Hello.
I have a database with company table that have a bunch of related (delete=cascade) tables.
Also it has 1<->M relation to company_descr table.
Once we've found that ~half of our companies do not have any description and we would like to remove them.
First this I've tried was
delete from company where id not in (select company_id from company_descr);
I've tried to analyze command, but unlike to other RDBM I've used it did not include cascade deletes/checks into query plan. That is first problem.
It was SLOW. To make it faster I've done next thing:
create temporary table comprm(id) as select id from company;
delete from comprm where id in (select company_id from company_descr);
delete from company where id in (select id from comprm);
That was much better. So the question is why postgresql can't do such a thing.
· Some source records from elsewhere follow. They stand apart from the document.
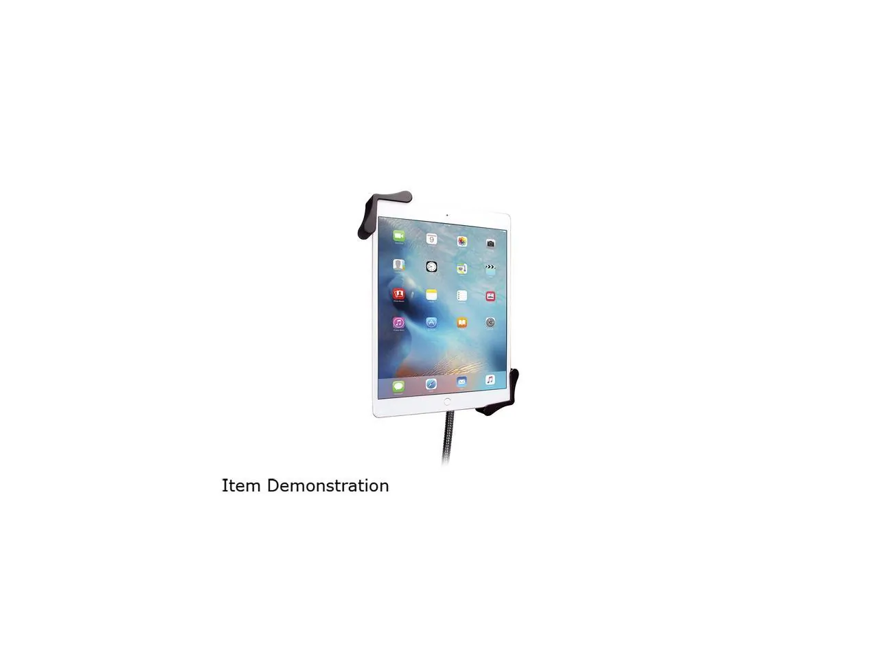 • Compatible with 7 in. to 13 in. tablets, Microsoft Surface(R) Pro 4; iPad Pro(R) 9.7, iPad(R) 10.2 (gen 7), iPad(R) Gen. 6 (2018), iPad(R) Gen. 5 (2017), iPad Pro(R) 10.5/12.9, iPad mini(TM) 4, iPad mini(TM) 1-3, iPad Air(R) 1/2, iPad(R) 2-4 & 12.9 in./11 in. iPad Pro(R) (2018) ;• Flexible gooseneck provides multidirectional adjustment ;• Jointed tablet holder tilts side to side and rotates 360deg for landscape and portrait orientations ;• Easy height adjustment ;• ADA compliant;• Attachable battery-pack cradle ;• Weighted metal base ;• Includes telescoping pole, multifunction storage cradle, swivel casters, and set of tools and hardware;
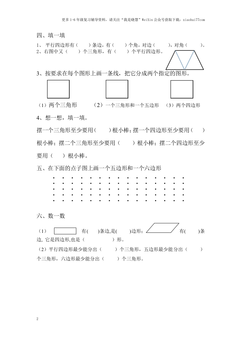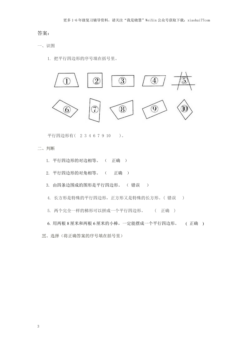 更多1-6年级复习辅导资料,请关注“我是晓慧”WeiXin公众号获取下载:xiaohui77com苏教版数学二年级上学期第2单元测试卷一、识图1.把平行四边形的序号填在括号里。②③④⑧⑨10平行四边形有(二、判断1.平行四边形的对边相等。()2.平行四边形的对角相等。()3。由四条边围成的图形是平行四边形。()4.长方形是特殊的平行四边形,正方形又是特殊的长方形。()5.两个完全一样的梯形可以拼成一个平行四边形。()6.用两根8厘米和两根6厘米的小棒,一定能摆成一个平行四边形。()三、选择(将正确答案的序号填在括号里)1.下面的四边形中,()不是平行四边形。①②③2.平行四边形的()相等。①四条边②对边
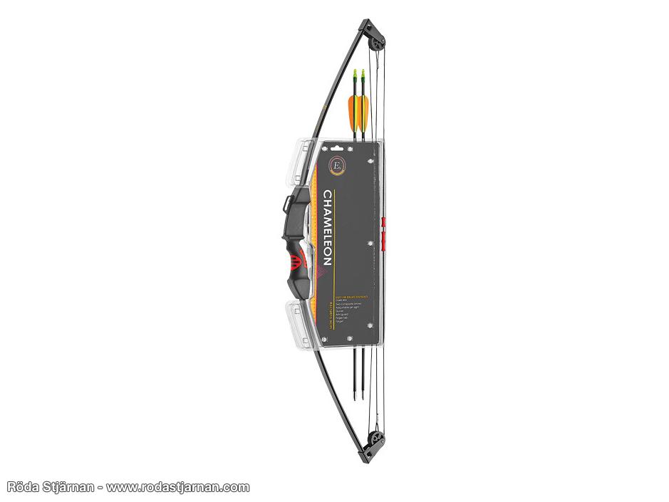 EK Chameleon Compound er en lett og brukervennlig compoundbue utviklet for barn og yngre ungdommer, med en anbefalt kroppslengde på cirka 120–145 cm, som tilsvarer omtrent 8–12 års alder. Den lave drakraften på 10–15 lbs og en trekkelengde på 23,75" gjør den enkel å håndtere for mindre skyttere. Buen veier kun 470 gram og er utstyrt med en 65 % let off, som betyr at skytteren bare trenger å holde igjen en tredjedel av drakraften når buen er fullt oppspent. Det gjør det lettere å sikte stabilt og avfyre kontrollert. Konstruksjonen består av slitesterke glassfiberlemmer og buen leveres komplett med alt som trengs for å komme i gang med en gang – inkludert piler, beskyttelse og måltavle. Strengen er dessuten utstyrt med fingerrollers som beskytter fingrene og gjør skytingen mer komfortabel.
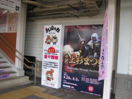 毎回おまつりの前には、JR米沢駅(1番線ホーム)・福島駅(東西自由通路)・伝国の杜(正面入口前)に協力していただき、
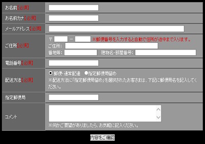 (4)注文フォーム画面にて、個人情報等の必要な情報を入力していただき、【ご注文および入力内容を確認】ボタンより、最終的なご注文の内容を確認してください。商品画像下のオプション選択項目からオプションの変更、商品削除が出来ます。オプションなしの場合はミニジャケット付属になります。
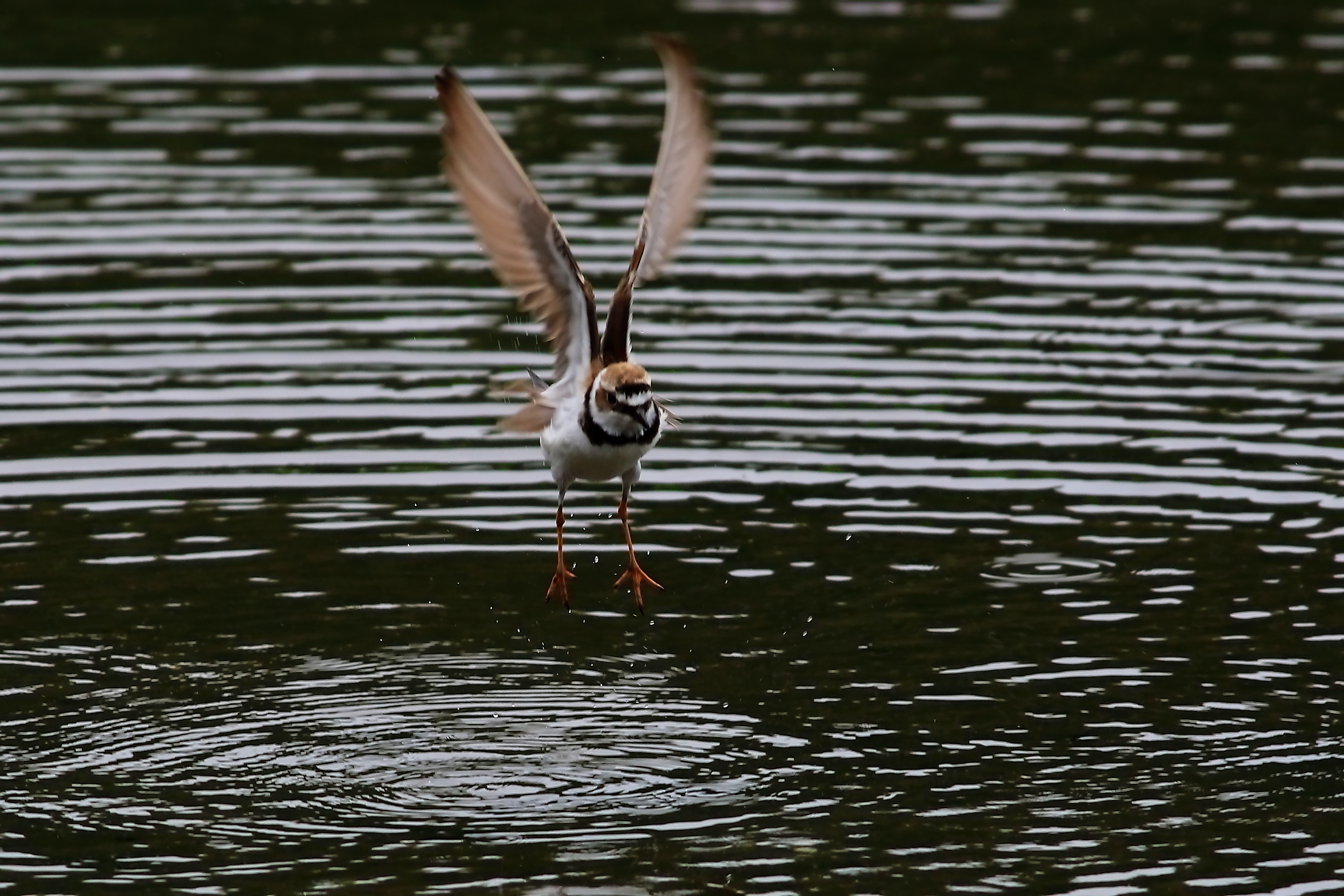 水浴びを終えたコチドリがいきなりこちらに向かって飛び出しました。
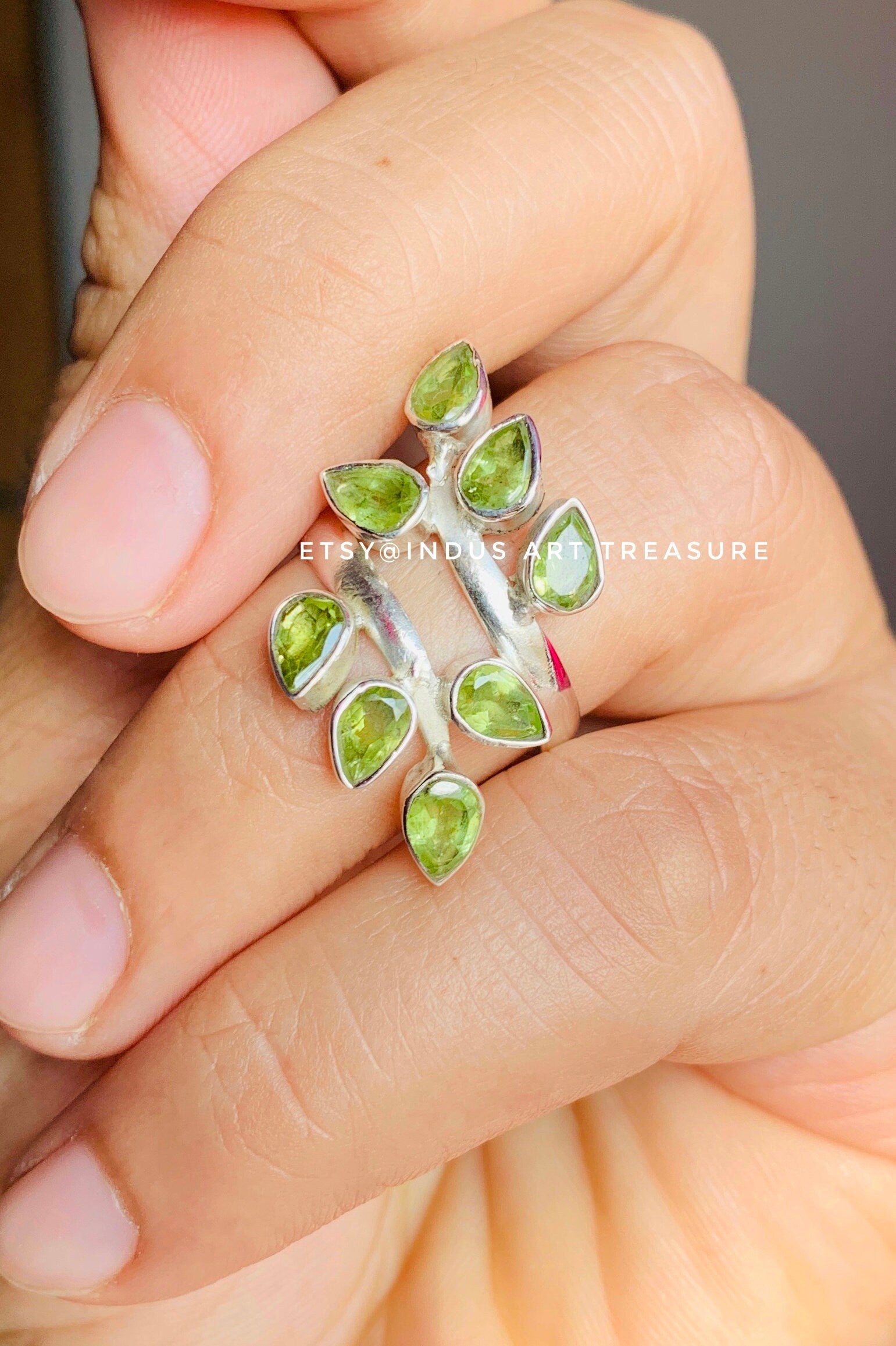 Product : Olive Green Peridot Leaf Ring for Women, August Birthstone Ring, 925 Sterling Silver Ring, Twig Ring Fashion, Peridot Ring, Indian Handmade Ring Jewelry, Gifts for Girl, Green Gemstone Ring.

But it was better only until "removing" dataset was small (~5% of all table).
As soon as I've tried to remove 50% I've got speed problems. I've ensured I have all indexes for both ends of foreign key.
I've tried to remove all cascaded entries by myself, e.g.:
create temporary table comprm(id) as select id from company;
delete from comprm where id in (select company_id from company_descr);
delete from company_alias where company_id in (select id from comprm);
...
delete from company where id in (select id from comprm);
It did not help until I drop all constraints before and recreate all constraints after.
Now I have it work for 15minutes, while previously it could not do in a day.
Is it OK? I'd say, some (if not all) of the optimizations could be done by postgresql optimizer.